(Collection entries)

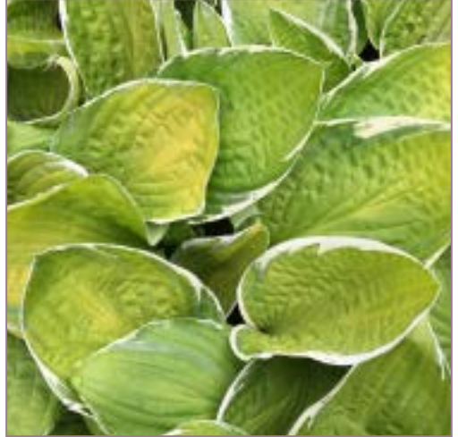
Hosta x Hasta Mañana PPAF
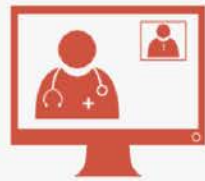
Telehealth & Technology
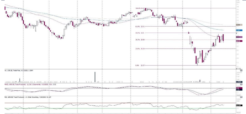
Banque Saudi Fransi - DAILY CHART

The Index reached the 50SMA, we may see weakness to unfold around here.
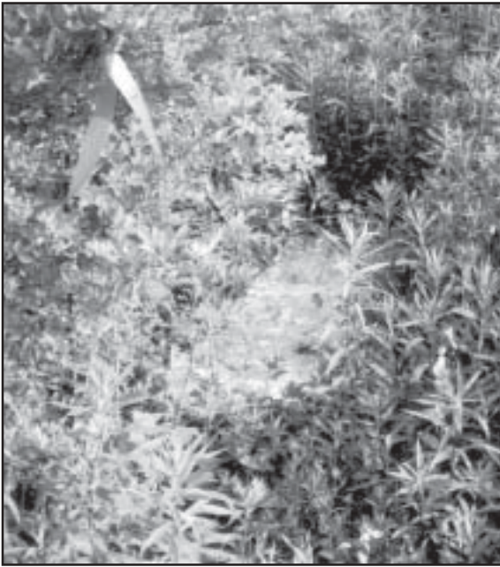
Figure 2. A large coverboard at a sampling point in a foliage-spray unit (photo taken by RHY in June 1999).

zones, border zones, and adjacent forest. In 1999, rocks and logs were overturned to check for amphibians and reptiles for comparison to data collected beneath coverboards. However, rocks and logs were very scarce along the ROW and adjacent forest, and no amphibians or reptiles were found under rocks or logs (Yahner et al. 1999a).
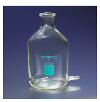
PYREXPLUS<sup>®</sup> glassware has a tough plastic coating on the outside and PYREX glass on the inside for increased safety and reduced breakage.
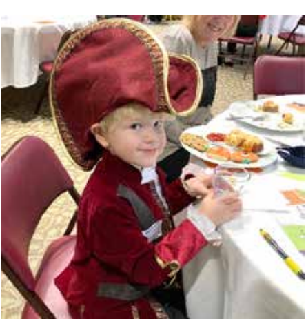
WPC Hosts Children of Abraham on Wednesday, November 10
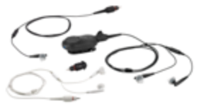
Mission Critical Wireless Covert Kit
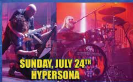
SUNDAY, JULY 24 TH HYPERSONA
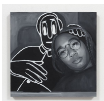
American Gothic , 2019 Oil on panel 12 x 12 inches (30.5 x 30.5 cm)
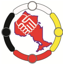
Ontario Regional Addictions Partnership Committee (ORAPC) Logo symbolizes the partnership that exists across the Ontario Region.

The ORAPC Coordinator attended the All Ontario Chiefs Conference hosted by Whitefish River First Nation on Manitoulin Island in June.
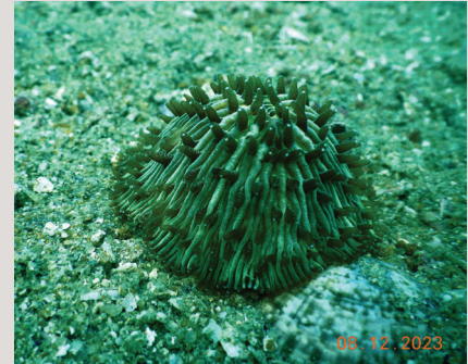
Cycloseris cyclolites (Lamarck, 1801)
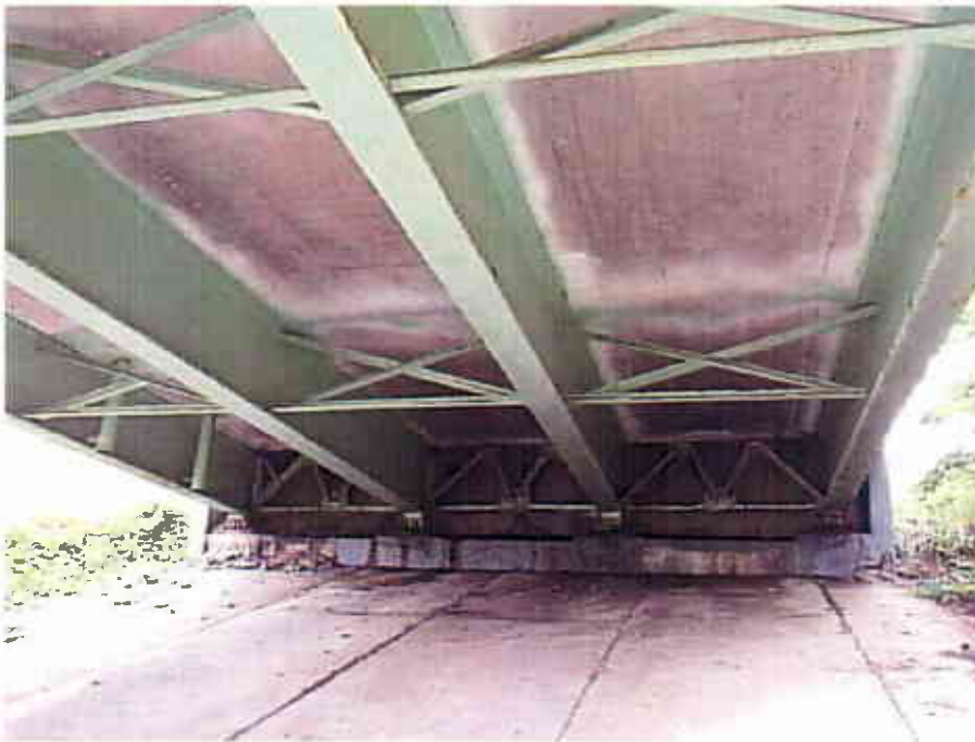
Photograph 18 View Looking East at the Underside of the West Bound On Ramp of the Interstate 90 Bridge over East 9 th Street (CUY-90-1628EW)
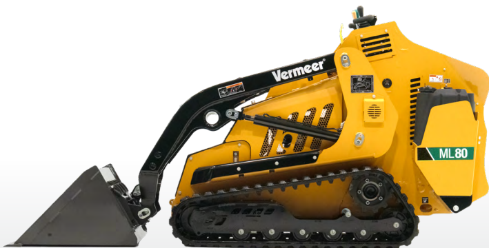
ML80 (25 HP CLASS)

Your crew needs dependable, versatile equipment that can tackle every phase of a project. Vermeer mini loaders deliver. Engineered with increased lift capacity and an enhanced hydraulic system, these mini loaders build on proven features from previous models. The result? A mini loader lineup that's equipped to help you do more.
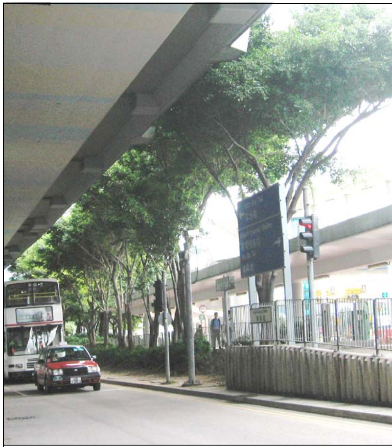
LR2.28 Roadside Plantation along Western Harbour Crossing Bus Stop near Element Photo 1
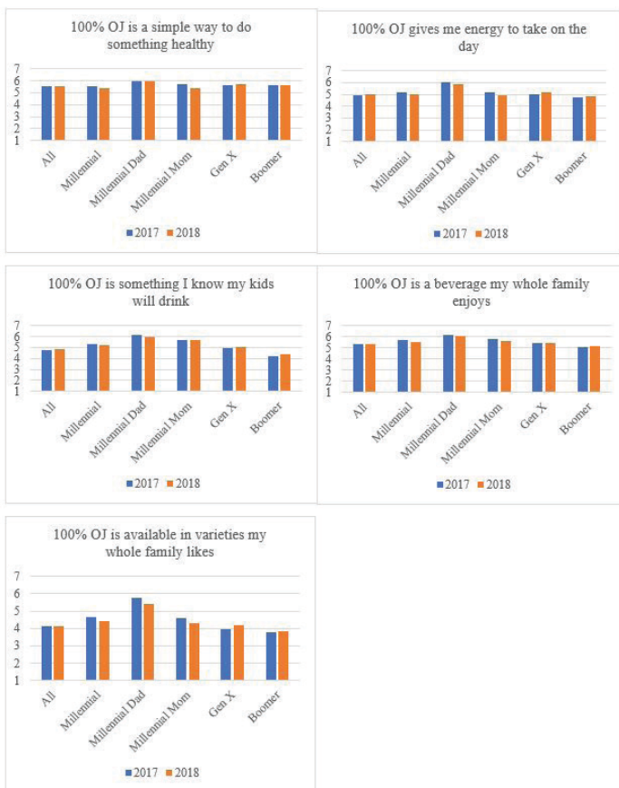
Figure 2. Consumers' positive perceptions of OJ.

Heng, Y., Z. Gao, Y. Jiang, and X. Chen. 2018. "Exploring hidden factors behind online food shopping from Amazon reviews: A topic mining approach." Journal of Retailing and Consumer Services 42: 161–168. https://doi.org/10.1016/j.jretconser.2018.02.006

= WORK REQUIRED =
Repeat, exactly and in full, each line from the start of the data to the line that contains "ML80 (25 HP CLASS)". Pictures do not go in.

= ANSWER BOX =
Hosta x Hasta Mañana PPAF
Telehealth & Technology
Banque Saudi Fransi - DAILY CHART

The Index reached the 50SMA, we may see weakness to unfold around here.
Figure 2. A large coverboard at a sampling point in a foliage-spray unit (photo taken by RHY in June 1999).

zones, border zones, and adjacent forest. In 1999, rocks and logs were overturned to check for amphibians and reptiles for comparison to data collected beneath coverboards. However, rocks and logs were very scarce along the ROW and adjacent forest, and no amphibians or reptiles were found under rocks or logs (Yahner et al. 1999a).
PYREXPLUS<sup>®</sup> glassware has a tough plastic coating on the outside and PYREX glass on the inside for increased safety and reduced breakage.
WPC Hosts Children of Abraham on Wednesday, November 10
Mission Critical Wireless Covert Kit
SUNDAY, JULY 24 TH HYPERSONA
American Gothic , 2019 Oil on panel 12 x 12 inches (30.5 x 30.5 cm)
Ontario Regional Addictions Partnership Committee (ORAPC) Logo symbolizes the partnership that exists across the Ontario Region.

The ORAPC Coordinator attended the All Ontario Chiefs Conference hosted by Whitefish River First Nation on Manitoulin Island in June.
Cycloseris cyclolites (Lamarck, 1801)
Photograph 18 View Looking East at the Underside of the West Bound On Ramp of the Interstate 90 Bridge over East 9 th Street (CUY-90-1628EW)
ML80 (25 HP CLASS)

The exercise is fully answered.